What you should do: The lines from the top of the material below through the line containing "Dune HD Real" are to be printed exactly, with pictures omitted.

Collected material:
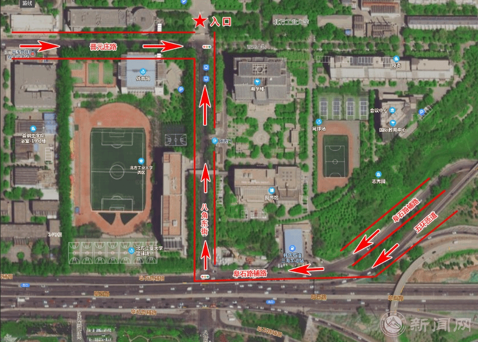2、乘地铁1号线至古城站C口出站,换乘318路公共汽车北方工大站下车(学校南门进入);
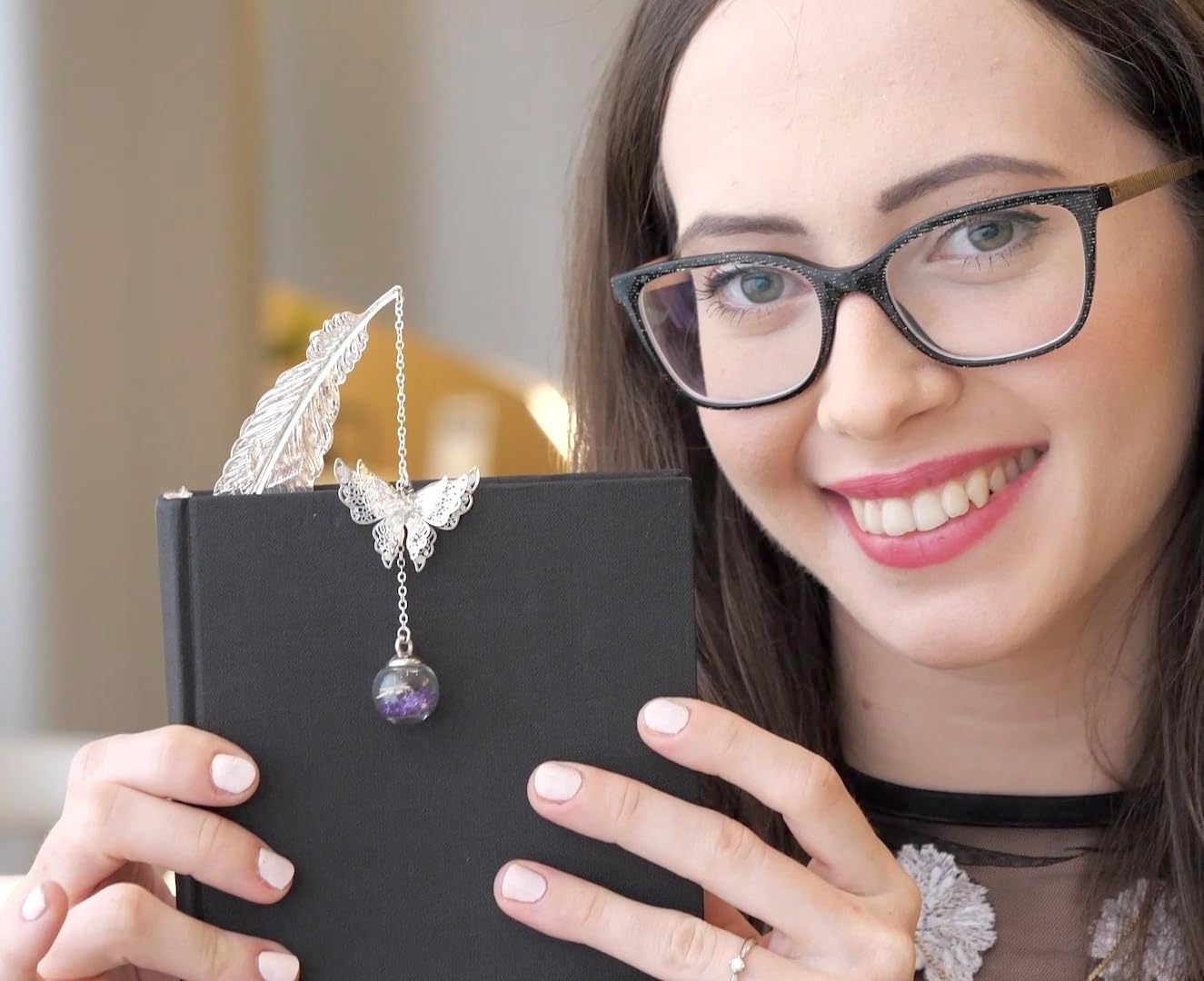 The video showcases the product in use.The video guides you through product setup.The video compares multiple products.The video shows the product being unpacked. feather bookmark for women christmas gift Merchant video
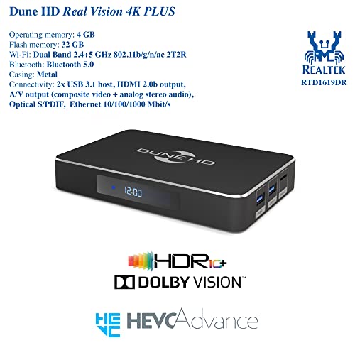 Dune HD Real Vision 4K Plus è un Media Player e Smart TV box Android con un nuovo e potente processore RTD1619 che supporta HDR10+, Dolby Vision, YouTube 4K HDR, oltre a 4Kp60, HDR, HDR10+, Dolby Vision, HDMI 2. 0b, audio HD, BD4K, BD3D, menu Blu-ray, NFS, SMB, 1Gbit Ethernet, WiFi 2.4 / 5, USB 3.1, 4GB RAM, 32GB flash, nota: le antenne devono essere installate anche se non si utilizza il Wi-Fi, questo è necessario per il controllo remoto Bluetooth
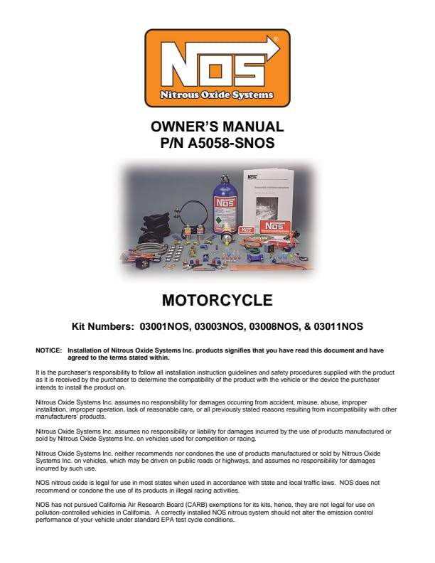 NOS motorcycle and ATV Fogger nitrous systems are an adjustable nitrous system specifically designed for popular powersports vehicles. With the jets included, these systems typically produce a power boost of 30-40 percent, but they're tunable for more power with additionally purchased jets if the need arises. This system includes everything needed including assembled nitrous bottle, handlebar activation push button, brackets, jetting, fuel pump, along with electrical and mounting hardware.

Task response:
2、乘地铁1号线至古城站C口出站,换乘318路公共汽车北方工大站下车(学校南门进入);
 The video showcases the product in use.The video guides you through product setup.The video compares multiple products.The video shows the product being unpacked. feather bookmark for women christmas gift Merchant video
 Dune HD Real Vision 4K Plus è un Media Player e Smart TV box Android con un nuovo e potente processore RTD1619 che supporta HDR10+, Dolby Vision, YouTube 4K HDR, oltre a 4Kp60, HDR, HDR10+, Dolby Vision, HDMI 2. 0b, audio HD, BD4K, BD3D, menu Blu-ray, NFS, SMB, 1Gbit Ethernet, WiFi 2.4 / 5, USB 3.1, 4GB RAM, 32GB flash, nota: le antenne devono essere installate anche se non si utilizza il Wi-Fi, questo è necessario per il controllo remoto Bluetooth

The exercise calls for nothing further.